By Jonathan Freedland
It was the night the American media were too demure to call Pussygate. At the time, Donald Trump had won nothing. Twenty-four hours later, he would be celebrating his first victory in the contest for the Republican presidential nomination, setting him on the path to face Hillary Clinton in November. But on this frigid Monday night in February, while a blizzard whipped outside, Trump stood before a packed Verizon Wireless Arena in Manchester, New Hampshire and prepared to unleash his tongue.
After a rambling monologue that moved from his TV career to the happy, sunny world that would follow his elevation to the White House, Trump came to another of his pet themes: the inadequacies of his rivals. He was attacking the Texas senator Ted Cruz for being insufficiently enthusiastic about the torture technique of waterboarding when a woman in the standing area directly in front of the stage, a kind of Trumpian moshpit, called out, “He’s a pussy!” Trump pretended to look appalled, even walking away from the lectern in faux disgust, before finally, as if under pressure, repeating the insult for the benefit of the cameras that might not have caught it. “She said, ‘He’s a pussy.’ That’s terrible … Ma’am, you’re reprimanded,” he told the heckler, in the manner of a lax teacher going through the disciplinary motions.
And thus Trump secured his dominance over yet another news cycle – as the talkshows, cable TV and his fellow candidates all debated his lapse into vulgarity. As he has been throughout this campaign, starting in July of last year, Trump was the star of the show.
At the same time, he sent a powerful signal. It’s the same one he transmits every time he denounces “political correctness” or violates one of its supposed strictures: mocking the disabled, judging women by their looks, bragging about his fortune, insisting that, when he is in charge, shop workers will go back to saying “Merry Christmas” rather than “Happy Holidays”. The message every time is the same. It says: I’m outside the system. I don’t obey its rules. I’m different.
Why is this so effective? How have these outbursts – which were at first assumed to be terminal to his candidacy – instead garnered him endless media attention and, more important, millions of votes?
Part of it is sheer showbiz. Ever since he got himself a daily place in the New York tabloids in the 1980s, Trump has known that outrage sells. Long before Australian political consultant Lynton Crosby advised his clients to change the subject by throwing a dead cat on the table, Trump understood that people will always tune in to watch a taboo being broken.
An underestimated part of the formula is humour. Trump is funny. His speech pattern is funny, his use of the word “so” is funny – “It’s gonna be so great” – his flamboyant self-love is funny, his mocking of his enemies is funny.
But most powerful is the thrill Trump generates in the room, and in the audience watching on TV, when he dares reject the rules of the game. For those voters who feel the game is rigged – who feel that the game has turned them into perennial losers – the sight of someone prepared to defy its conventions is exhilarating. It signals the arrival of an outsider, a maverick unbound to the old order and ready to destroy it in favour of something entirely new.

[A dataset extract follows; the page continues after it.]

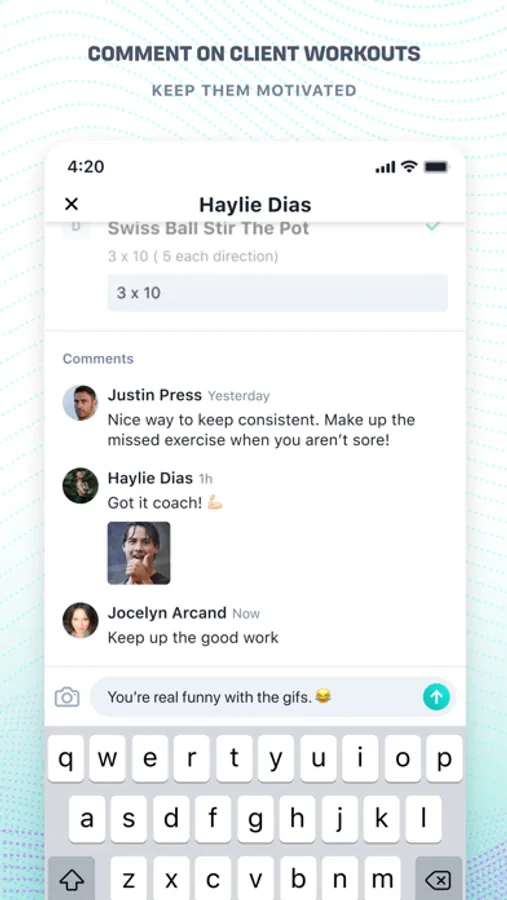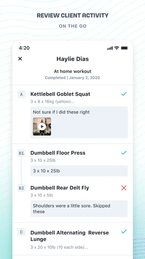 • Receive push notifications when clients send messages, complete workouts or post comments on workouts

For his followers, Trump’s willingness to trample on the pieties of civic discourse is a sign of his bona fides, even a statement of intent. If he’s prepared to say that about Carly Fiorina’s face, maybe he’ll be prepared to come down hard on an American company about to relocate a manufacturing plant from the US to Mexico. After all, he’s clearly not fettered by the restraints that hold back the rest of those politicians.
On this logic, Trump is the fearless truth-teller. Which may seem an odd accolade to give a man who has been caught out as a serial liar and perhaps the most provenly dishonest candidate to seek, let alone win, the nomination of a major US party. But that is to forget that Trump’s core supporters believe it is the establishment – the media and political elites – that have lied to them for at least two decades. So when those same elites brand Trump a liar, his supporters either don’t believe it, or else they don’t care.
For the next five months, Trump will face off against Hillary Clinton – the ultimate embodiment of the US political elite – in what looks fated to be the ugliest campaign in living memory. But even if he loses, he’s proved that he has deep appeal to a section of the US electorate that has come to regard him as their champion.
Their anger, which Trump has so deftly tapped, goes beyond this or that party, or even the current economic situation. He is channeling a rage at the state of America’s political system. And this fury is not confined to the US. There are versions of it surging across the world, hot with wrath at the status quo. In almost every case, those voicing it claim to be speaking for the people and for true democracy. But in their most extreme forms they threaten to shade into something darker: a revolt against the norms, the agreed boundaries, that make democracy possible.